In terms of training efficiency, VSGN requires 1.3 h per training epoch, which is slightly longer than AMLR (1.2 h). This computational overhead stems primarily from dynamic graph construction and routing operations, which introduce additional computations during forward and backward propagation. In terms of inference speed, VSGN achieves 36 samples per second, a decrease compared to AMLR (42 samples/second). This decrease is mainly attributed to graph-based interactions and dynamic routing processes, which increase inference complexity.

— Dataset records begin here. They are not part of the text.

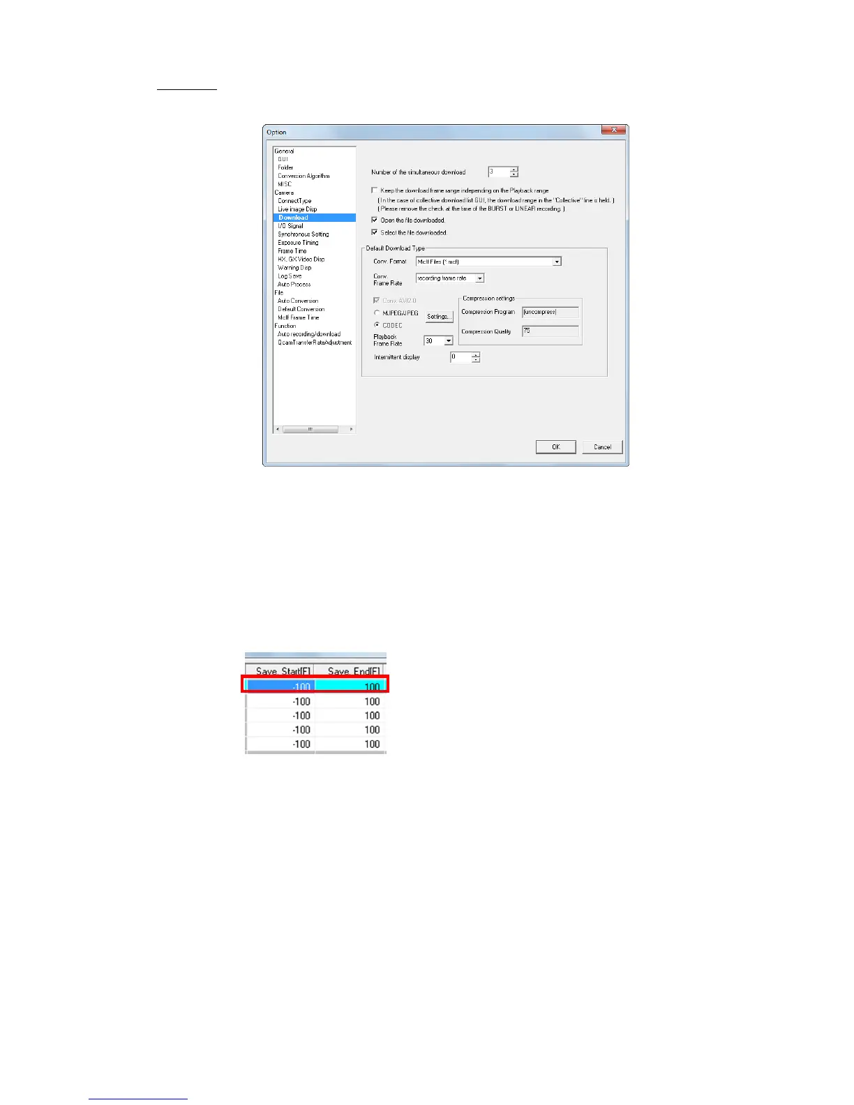 Conversion Format Specifies the type of downloaded file (AVI, TIFF, JPEG, BMP,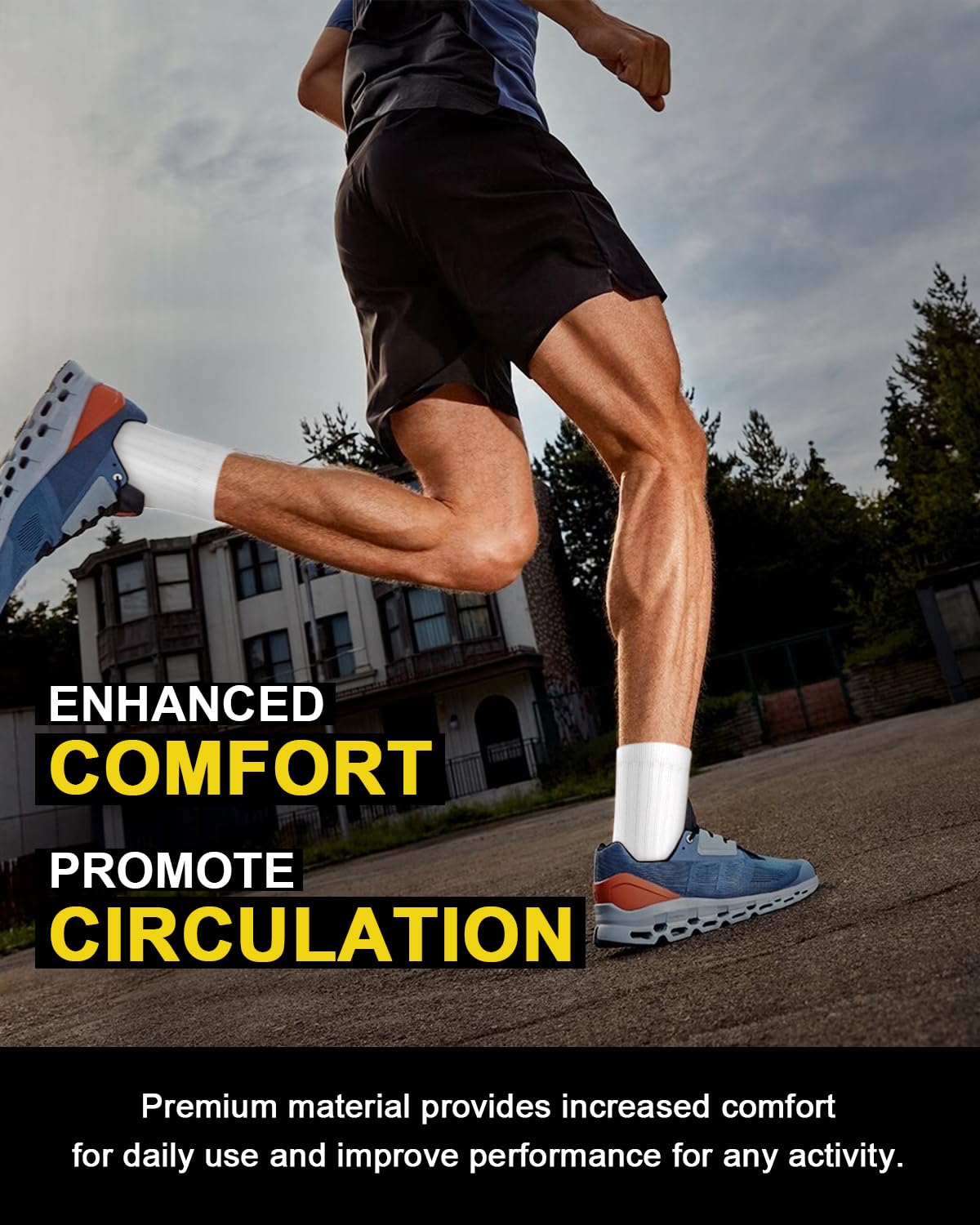 🏃PROTECTION & SUPPORT- Compression running socks can also help reduce swelling and inflammation in the ankle area. Compression ankle socks can provide additional support to the ankle joint, This added support can help prevent ankle sprains and other injuries, and can also improve overall balance and stability.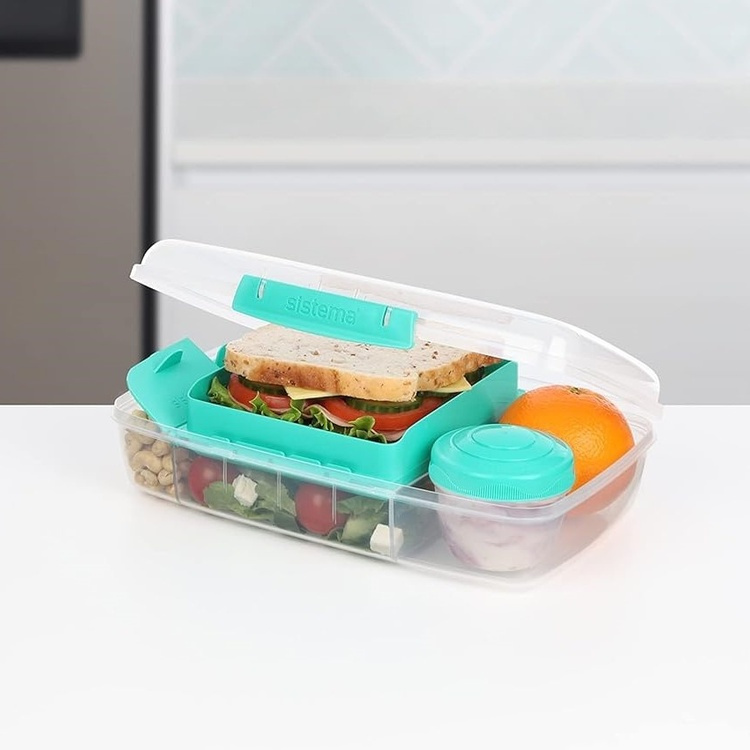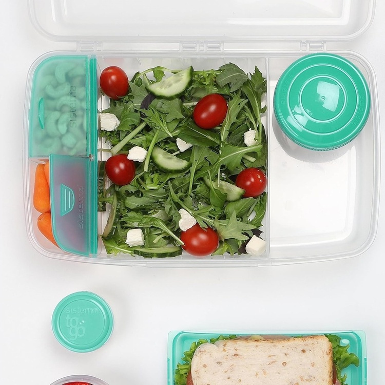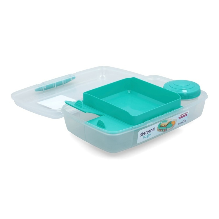 Matlåda med fack och burk, 1,76 Liter, SISTEMA BENTO BOX TO GO, Mintgrön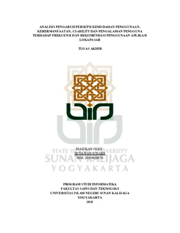 Setiawan Junaidi, NIM.: 20106050070 (2025) ANALISIS PENGARUH PERSEPSI KEMUDAHAN PENGGUNAAN, KEBERMANFAATAN, USABILITY DAN PENGALAMAN PENGGUNA TERHADAP FREKUENSI DAN REKOMENDASI PENGGUNAAN APLIKASI LOKAPASAR. Skripsi thesis, UIN SUNAN KALIJAGA YOGYAKARTA.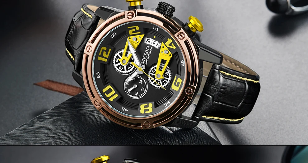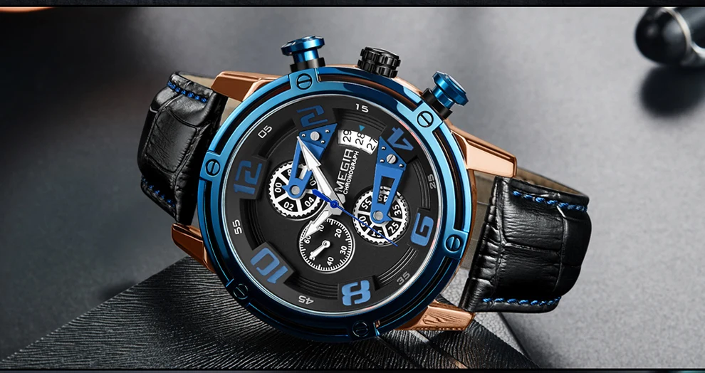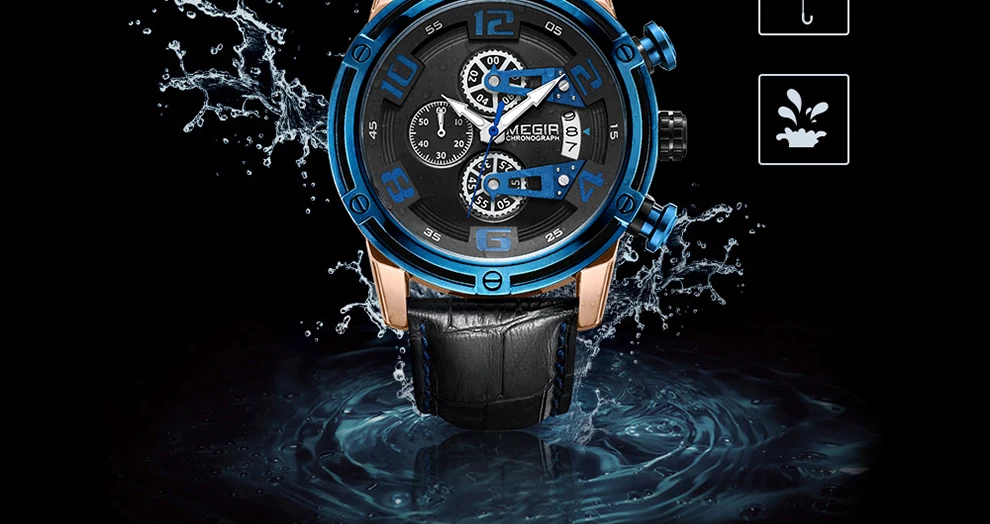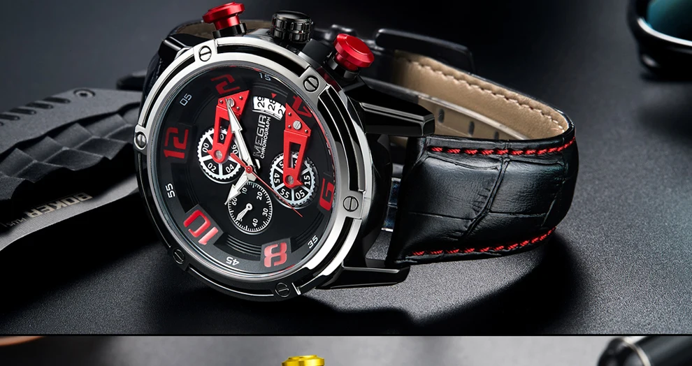 Особенности: -Оригинальные часы MEGIR Из заводского магазина наручных часов; -100% новый с биркой и качественным квартаном; -Водонепроницаемость 3 АТМ (вы можете использовать его во время дождя и мытья рук, не поддерживает горячую воду и плавание); -С хронографом (секундомером) и функцией подсветки, с датой; -MEGIR Креативный дизайн и высококачественные материалы. Характеристики: -Товар: Мужские квадратные кварцевые часы -Модель: MEGIR 2078M -Тип часов: кварцевые часы/мужские часы/военные часы -Функция: хронограф, секундомер, светящийся, календарь (дата), водонепроницаемый -Материал корпуса: сплав -Материал ремешка: натуральная кожа Параметры: -Чехол Диаметр: около 47 мм -Чехол Толщина: около 15 мм -Длина ремешка (максимальная носимая длина): около 230 мм -Ширина ремешка: около 22 мм Посылка включает в себя: -Часы Megir-1 шт. -1 Руководство пользователя с гарантийным талоном -1 x салфетка для чистки часов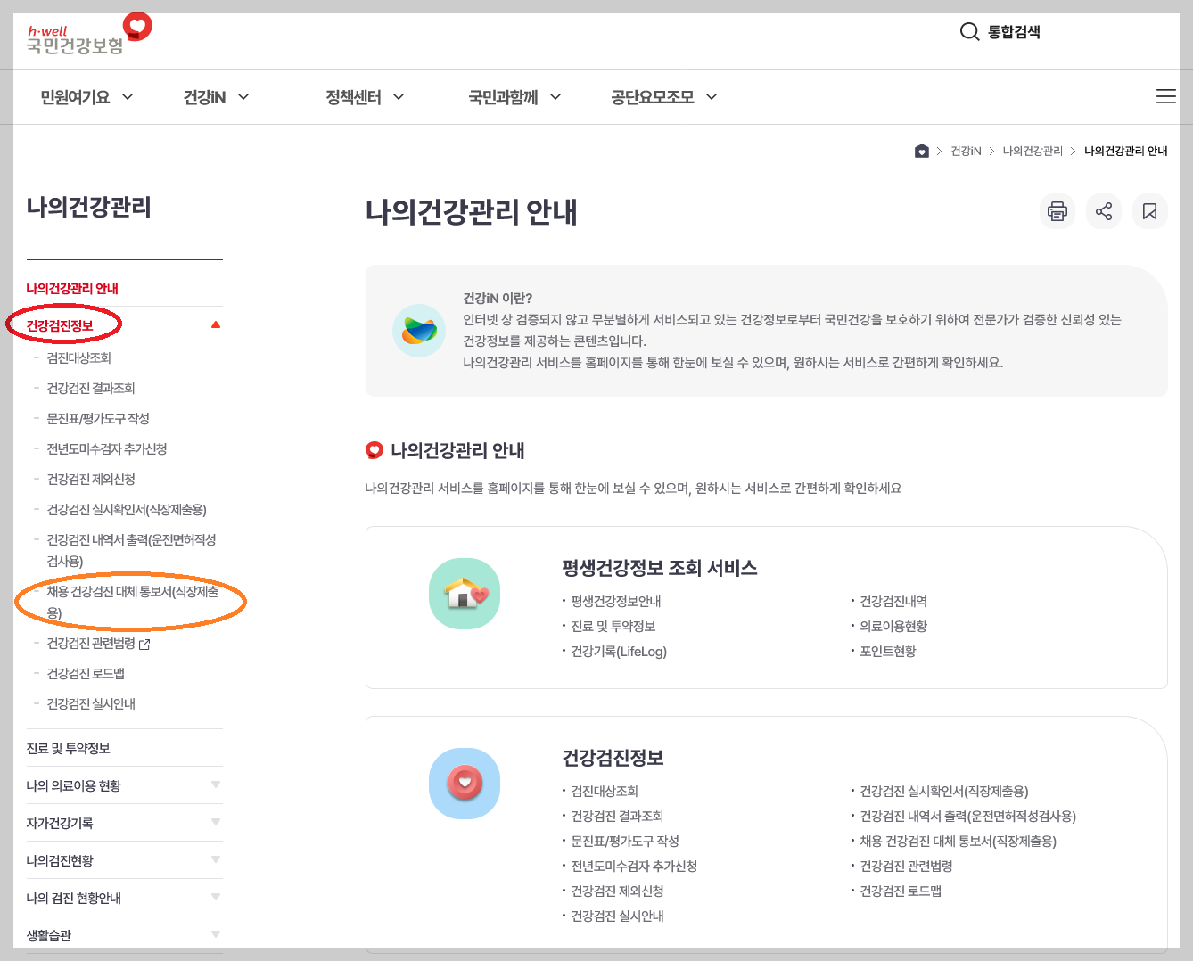 국민건강보험공단 누리집 채용 건강검진 대체 통보서 발급 받으러 가기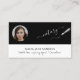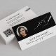 Modern script professional legal certified notary attorney at law consultant custom personalised black and white (changeable colours) business card with elegant calligraphy and pens. +++++++++++ Easy to personalise with your photo and your automatically generated scanning QR CODE to your website or social media on the back.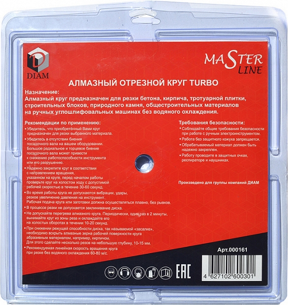 Алмазный отрезной круг Diam Master Line Turbo Master 230 мм (Диам Мастер Лайн Турбо Мастер 230 мм) – профессиональный алмазный диск для сухой резки бетона, слабоармированного бетона, огнеупоров, кирпича, тротуарной плитки, общестроительных материалов.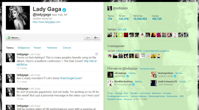 Фолловьте известных твиттерян-миллионников. Lady Gaga, Eminem, Justin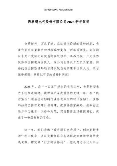 / 【七哥公文】2026年:西格码电气股份有限公司2026新年贺词_副本+更多免费公文+VX:QiGeGongWen2024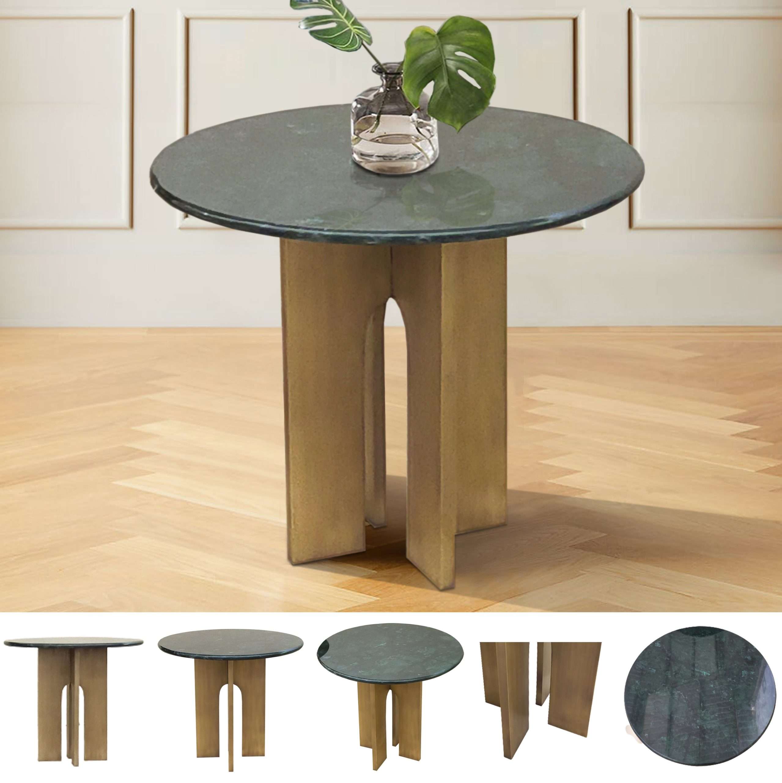 Table Corridor Green Marble Top With Brass Leg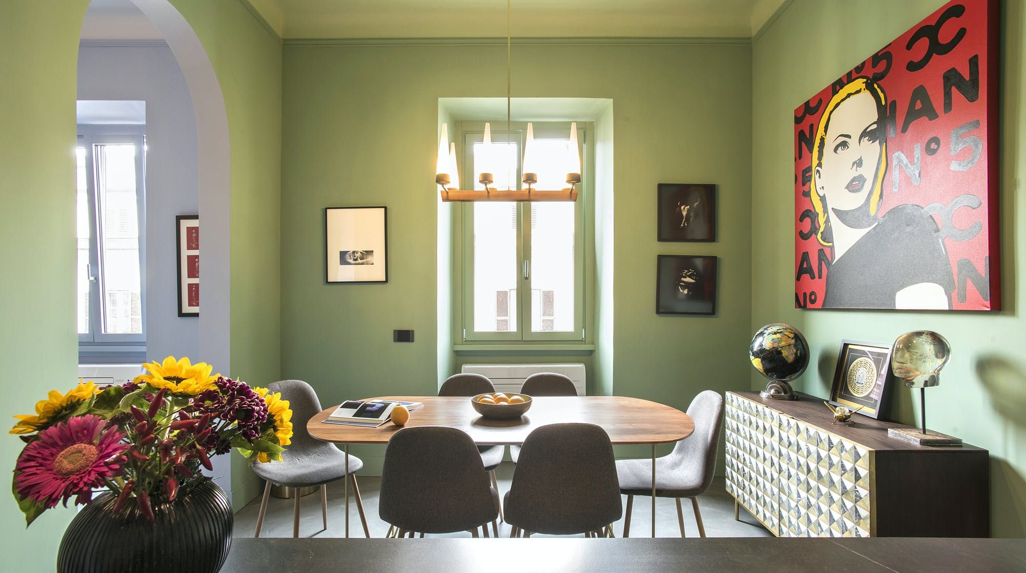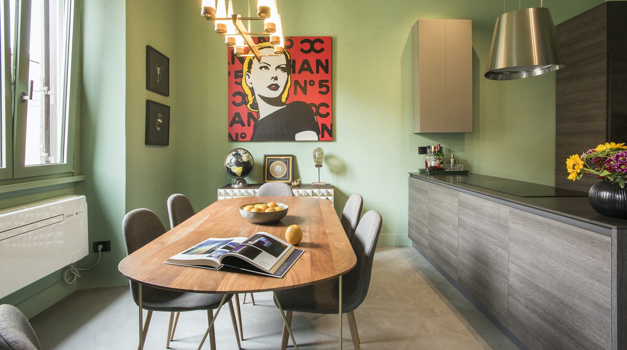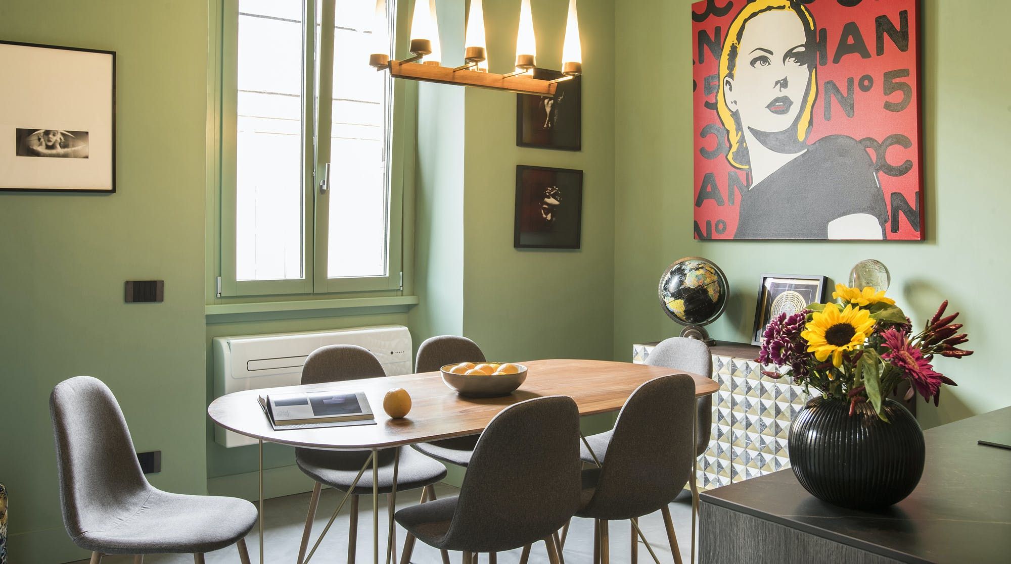 This stylish apartment is right around the corner from Termini, Rome's biggest train station, so there's no doubt that the transport links are excellent. But many of the must-see sights can also be reached on foot, including the magnificent Basilica Papale di Santa Maria Maggiore five minutes away and The Colosseum just a little further, about a twenty-minute stroll. After fueling up on pasta and gelato at Mercato Centrale Roma across the street, set off for the Trevi Fountain, The Pantheon and The Spanish Steps, all reachable in under half an hour. When you're not off exploring, shopping or sipping Italian wine at one of the bars in this area, rest your tired feet back at home. We love the bold green colours and funky design – picture cowhide rugs, vibrant pop art and leafy wallpaper in the bedroom. The bathroom is also one of our favourites – it has a huge walk-in rain shower that's the perfect way to relax after a busy day. And this pad has more than enough room for two, so there's plenty of space to make yourself at home. In the evenings, pour yourself an aperitif and rustle up a feast in the contemporary kitchen, then end the night with Netflix in bed, nodding off while to the sound of your favourite shows.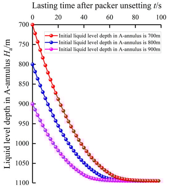 Liquid level depth in A-annulus after packer unsetting with initial liquid level depths in A-annulus of 700, 800, and 900 m.
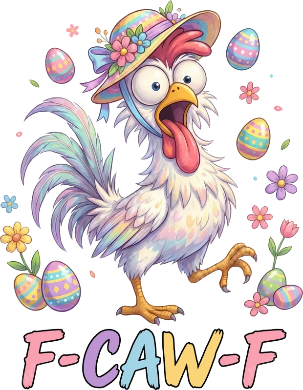 See allThis hilarious DTF transfer features a wide-eyed, pastel-colored rooster wearing a festive Easter bonnet, surrounded by whimsical flowers and patterned Easter eggs. The design captures a playful and slightly chaotic vibe, complete with the witty "F-CAW-F" text in a vibrant, brushstroke style. It's a high-quality, ready to press transfer that brings instant personality to any garment. Perfect for anyone who loves a good laugh and the playful spirit of Easter, this design appeals to those with a cheeky sense of humor. It makes a fantastic ready to press transfer for family gatherings, Easter egg hunts, spring festivals, or as a unique gift for friends and loved ones who appreciate quirky apparel. Imagine it on a t-shirt for a casual holiday party or a tote bag for a market visit. Our premium direct to film transfer is incredibly versatile, adhering beautifully to a wide range of materials including cotton, polyester, and popular blends. Applying this heat transfer is a breeze with either a professional heat press (recommended at 300-325°F for 15 seconds with medium pressure) or a household iron. Enjoy professional results with no tedious weeding required, making this iron on decal an effortless way to customize. Experience exceptional quality with this durable apparel transfer. The colors are incredibly vibrant, offering a soft-to-touch finish that resists cracking and peeling, ensuring your design looks fantastic wash after wash. Crafted from professional DTF film with a strong adhesive, this heat press design guarantees a lasting, high-definition print that truly stands out.

In terms of memory consumption, VSGN occupies 13.6 GB of GPU memory, which is higher than BERT-CRF (4.2 GB) but comparable to AMLR (12.4 GB). This overhead primarily stems from the learning of dynamic graph structures and the intermediate representations involved in cross-modal feature interactions. However, compared to some complex multimodal models, this memory consumption remains within an acceptable range, indicating that the proposed method achieves a reasonable trade-off between performance gains and resource overhead

Despite the increased computational cost, the model’s performance improves significantly. Ablation results further demonstrate that removing the VSG module (w/o VSG) reduces the parameter count to 132.3 million and increases inference speed to 47 samples/second, but leads to a significant performance drop (see Section 4.5). This indicates that although the VSG module incurs higher computational costs, it plays a crucial role in enhancing cross-modal representation learning.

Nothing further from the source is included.